=== ACTION ITEM ===
Pictures appear among the records below and must be omitted. Repeat exactly the lines from the line with "실제 국내 사용자 사례입니다." to the line with "法國人的浪漫不僅體現(xià", both included.
#### MATERIAL SUPPLIED
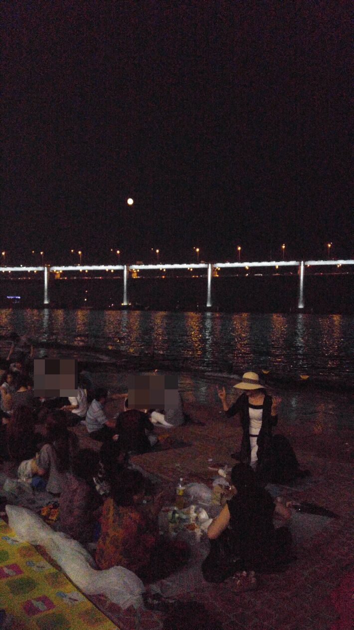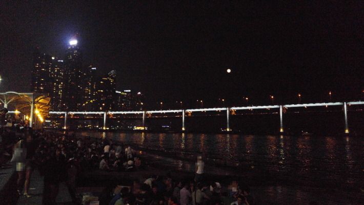 보름이 하루 지난 달은 보름달처럼 둥글게 다리 위에서 밝게 비추고 있습니다.
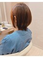 アプリコットカラー丸みショートボブ絶壁オレンジひし形40代UP
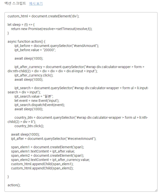 실제 국내 사용자 사례입니다. 실시간 환전 정보를 모니터링 하기 위해, 환전할 금액 입력 → 국가를 선택하여 최종 금액을 수집합니다. 여기에서 사용한 액션 스크립트는 조금 다릅니다. custom_html 이라는 변수를 사용하여, 추출하는 정보를 직접 선별해서 구성했고, 3번째 그림처럼 딱 원하는 정보만 추출되도록 설정했습니다.
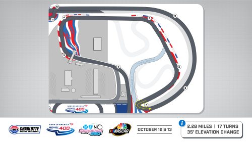 Drivers will also run pink window nets at the Roval in honor of Breast Cancer Awareness Month. The window nets will send a message of support for breast cancer survivors and their families, with the nets presented by the Erik Jones Foundation.
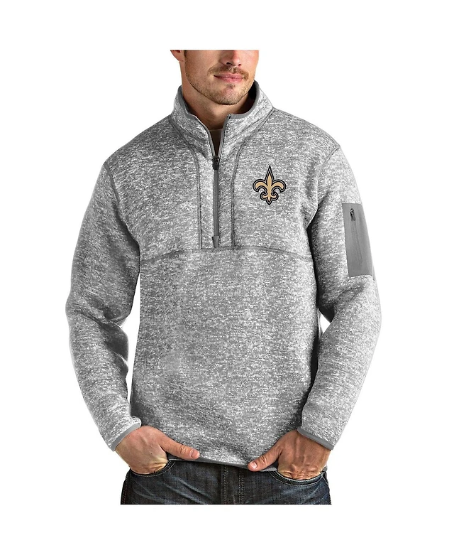 Antigua Men's Heather Gray New Orleans Saints Team Logo Fortune Quarter-Zip Pullover Jacket
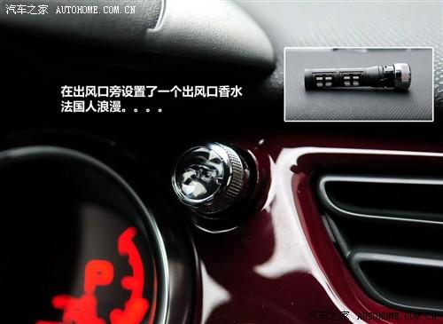 法國人的浪漫不僅體現(xiàn)在外形的流暢上,中控臺儀表盤旁設置了一個出風口香水槽,插入后即可隨空調(diào)將香氣散出。
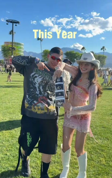 ก่อนหน้านี้ทั้งคู่ได้โพสต์คลิปผ่านอินสตาแกรมส่วนตัว พร้อมแคปชั่น “ปีนี้มีคนอยากมาด้วย #Coachella2026” โดยในคลิปเผยให้เห็นภาพอัลตร้าซาวด์ ทำเอาแฟนๆ ตื่นเต้นและร่วมแสดงความยินดีอย่างต่อเนื่อง
########
=== SOLUTION TO THE EXERCISE ===
 실제 국내 사용자 사례입니다. 실시간 환전 정보를 모니터링 하기 위해, 환전할 금액 입력 → 국가를 선택하여 최종 금액을 수집합니다. 여기에서 사용한 액션 스크립트는 조금 다릅니다. custom_html 이라는 변수를 사용하여, 추출하는 정보를 직접 선별해서 구성했고, 3번째 그림처럼 딱 원하는 정보만 추출되도록 설정했습니다.
 Drivers will also run pink window nets at the Roval in honor of Breast Cancer Awareness Month. The window nets will send a message of support for breast cancer survivors and their families, with the nets presented by the Erik Jones Foundation.
 Antigua Men's Heather Gray New Orleans Saints Team Logo Fortune Quarter-Zip Pullover Jacket
 法國人的浪漫不僅體現(xiàn)在外形的流暢上,中控臺儀表盤旁設置了一個出風口香水槽,插入后即可隨空調(diào)將香氣散出。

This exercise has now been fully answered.